New Silk Road Investment, one of Singapore’s longest-standing hedge funds, is winding down operations following declining performance and a major withdrawal of US institutional capital from Asian markets, according to a report by Bloomberg.
Founded in 2009 by industry veterans Yik Luen Hoong and Raymond Goh, the firm was an early player in China-focused investing, with offices in Shanghai and a pioneering role in accessing onshore Chinese securities. At its peak in 2021, New Silk Road managed nearly $2bn in assets. As of December 2024, that figure had fallen to just $615m.
Co-founder Hoong cited a prolonged pullback by US investors from Asia’s liquid equity markets – driven in part by geopolitical tensions – as a key reason behind the decision to shutter. “We are just one of many active value funds in Asia that have not been the favour of the time,” Hoong noted. “The market has changed in such a way that it disfavours longer-term fundamental investing with a value bias.”

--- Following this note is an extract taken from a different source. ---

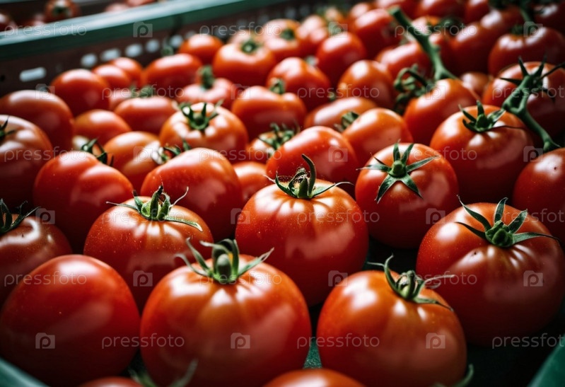 Супермаркет, полный красных томатов. Томаты сложены гроздьями. Свет отражается от поверхности томатов, подчеркивая яркий цвет и блестящую текстуру. Они были недавно собраны. Сгенерировано с помощью ИИ

New Silk Road’s flagship Asia Landmark Fund and China Fund both posted weak performance in recent years, including sharp declines of 28% and 19% respectively in 2022. That same year, China’s CSI 300 Index fell 22%, deepening a multiyear slump that challenged many veteran regional managers.
The firm began scaling back earlier this year, cutting staff in Shanghai and closing its Southeast Asia-focused fund. Despite the wind-down, Hoong emphasised that the decision wasn’t due to financial stress but a combination of market shifts and succession planning.
With both founders now in their 60s and successors not yet ready to take over, Hoong said: “We had just decided to hang up our boots to return the capital to our investors so that they can pursue a more appropriate strategy of the time.”